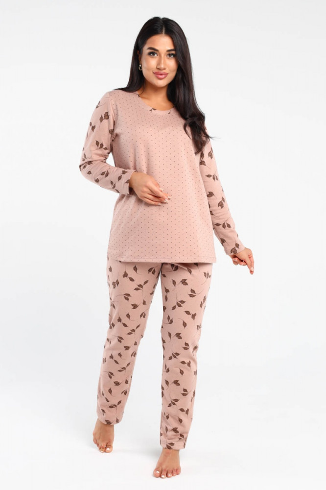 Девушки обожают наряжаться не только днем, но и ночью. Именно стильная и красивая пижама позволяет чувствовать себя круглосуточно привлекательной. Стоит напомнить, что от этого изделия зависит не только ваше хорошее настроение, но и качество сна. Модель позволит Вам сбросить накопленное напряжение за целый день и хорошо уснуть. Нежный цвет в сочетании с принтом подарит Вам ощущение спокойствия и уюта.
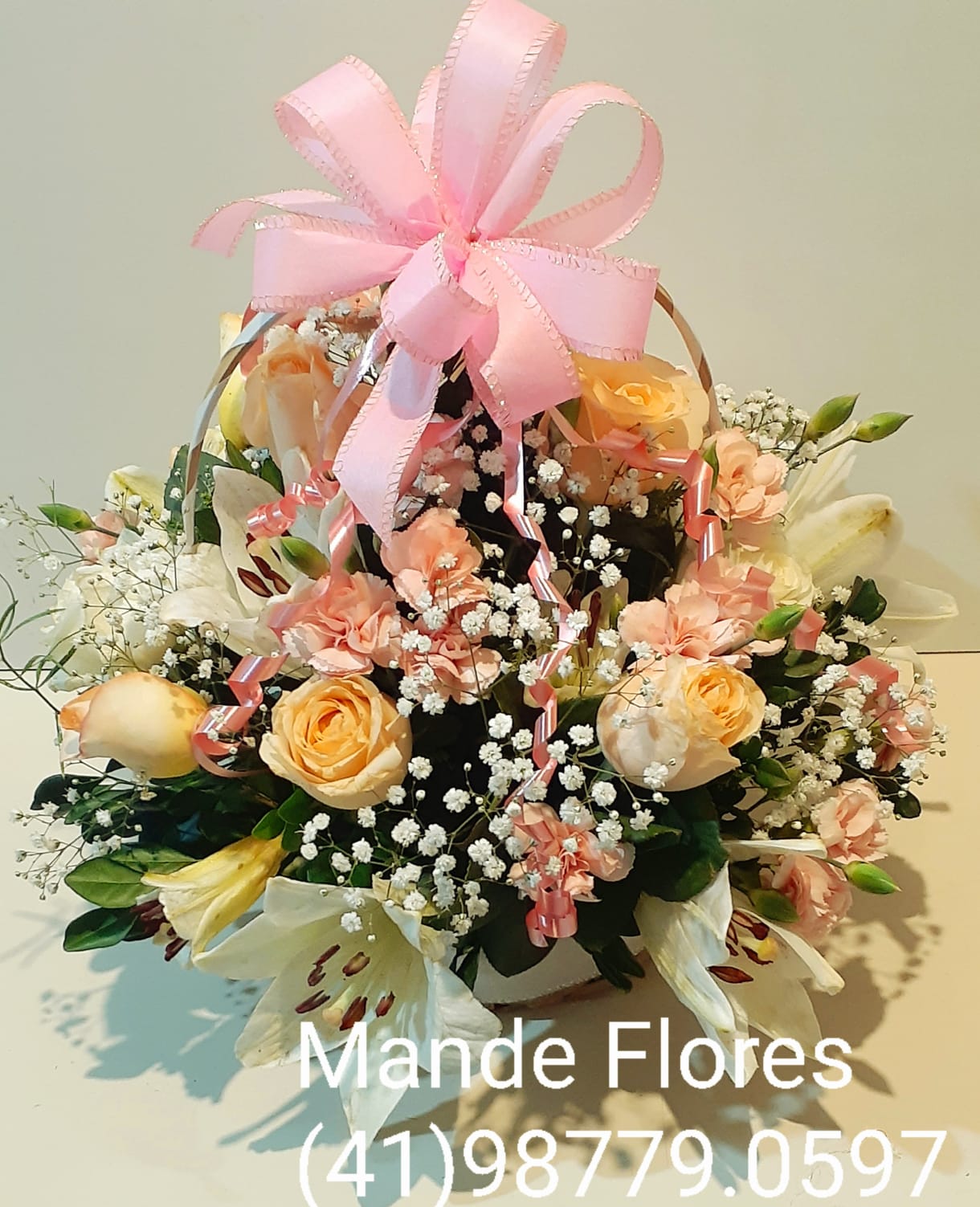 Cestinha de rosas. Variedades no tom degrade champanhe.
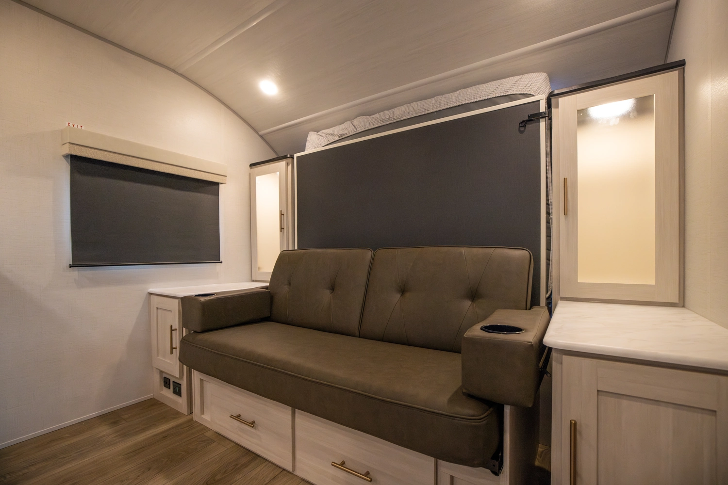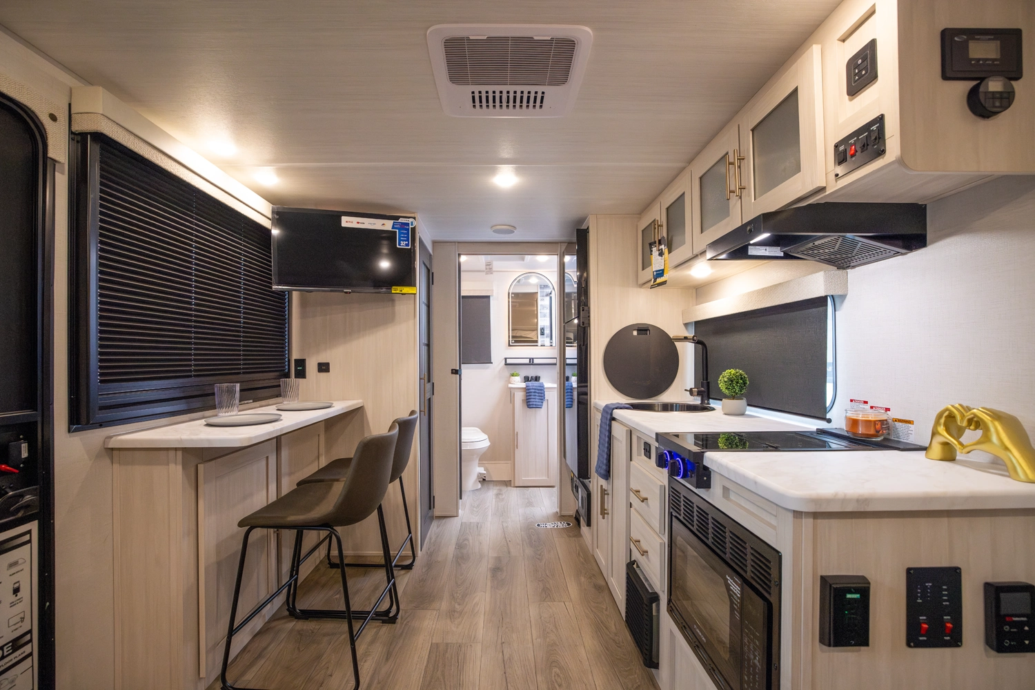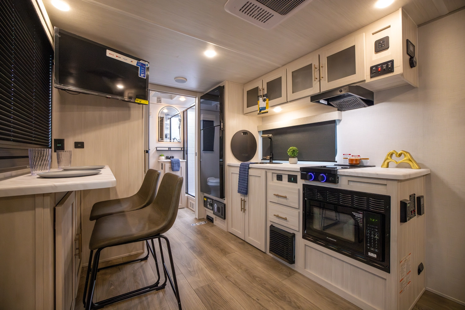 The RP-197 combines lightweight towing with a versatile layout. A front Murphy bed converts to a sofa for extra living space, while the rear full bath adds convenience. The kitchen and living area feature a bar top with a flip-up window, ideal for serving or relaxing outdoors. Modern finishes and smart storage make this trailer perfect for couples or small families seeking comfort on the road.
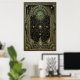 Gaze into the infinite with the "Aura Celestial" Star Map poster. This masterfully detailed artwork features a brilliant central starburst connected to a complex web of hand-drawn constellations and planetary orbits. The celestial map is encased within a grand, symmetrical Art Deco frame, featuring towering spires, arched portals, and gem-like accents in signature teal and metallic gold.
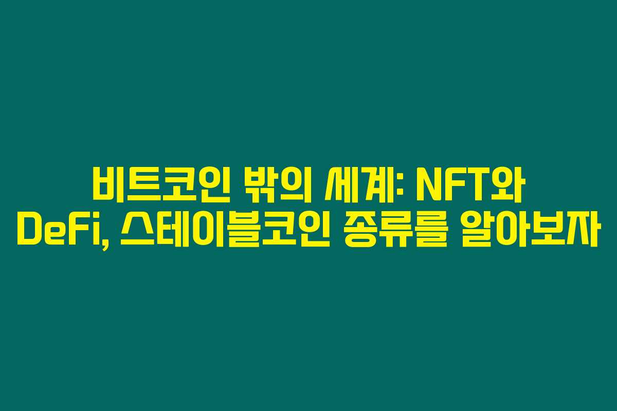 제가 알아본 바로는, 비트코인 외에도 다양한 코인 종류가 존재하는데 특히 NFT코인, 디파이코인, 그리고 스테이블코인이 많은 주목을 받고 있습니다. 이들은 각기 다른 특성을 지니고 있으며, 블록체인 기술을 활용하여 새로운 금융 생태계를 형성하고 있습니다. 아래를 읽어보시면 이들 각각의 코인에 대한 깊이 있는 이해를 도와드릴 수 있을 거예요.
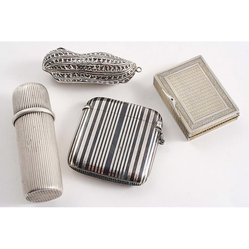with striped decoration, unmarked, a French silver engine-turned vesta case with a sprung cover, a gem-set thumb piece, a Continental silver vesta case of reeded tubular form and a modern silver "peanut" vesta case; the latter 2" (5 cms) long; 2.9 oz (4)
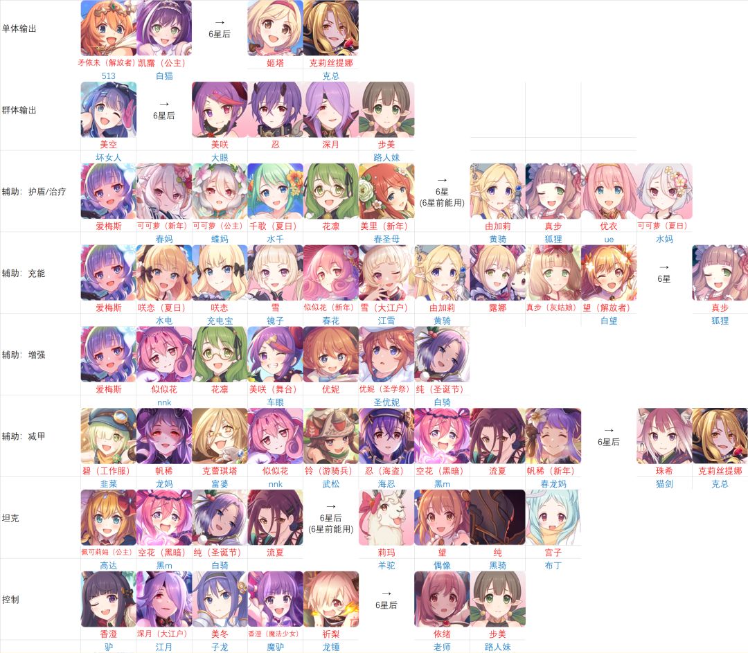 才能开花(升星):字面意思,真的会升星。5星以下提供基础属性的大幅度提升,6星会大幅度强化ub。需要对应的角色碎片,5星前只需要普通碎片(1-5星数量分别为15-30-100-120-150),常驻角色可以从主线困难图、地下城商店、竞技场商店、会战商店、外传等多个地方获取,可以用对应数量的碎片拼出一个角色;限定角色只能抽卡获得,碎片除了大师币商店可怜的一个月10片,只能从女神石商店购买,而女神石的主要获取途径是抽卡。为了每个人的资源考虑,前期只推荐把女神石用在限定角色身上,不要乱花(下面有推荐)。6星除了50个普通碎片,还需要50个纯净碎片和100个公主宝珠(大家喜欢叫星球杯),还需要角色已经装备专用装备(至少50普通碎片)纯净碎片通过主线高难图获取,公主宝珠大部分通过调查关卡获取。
_ _ _
## What needs to be done
Would you please reproduce verbatim the run of lines that opens the listing and ends with the line holding "The RP-197 combines", and only that run, leaving every picture out?

## Written response
 Девушки обожают наряжаться не только днем, но и ночью. Именно стильная и красивая пижама позволяет чувствовать себя круглосуточно привлекательной. Стоит напомнить, что от этого изделия зависит не только ваше хорошее настроение, но и качество сна. Модель позволит Вам сбросить накопленное напряжение за целый день и хорошо уснуть. Нежный цвет в сочетании с принтом подарит Вам ощущение спокойствия и уюта.
 Cestinha de rosas. Variedades no tom degrade champanhe.
 The RP-197 combines lightweight towing with a versatile layout. A front Murphy bed converts to a sofa for extra living space, while the rear full bath adds convenience. The kitchen and living area feature a bar top with a flip-up window, ideal for serving or relaxing outdoors. Modern finishes and smart storage make this trailer perfect for couples or small families seeking comfort on the road.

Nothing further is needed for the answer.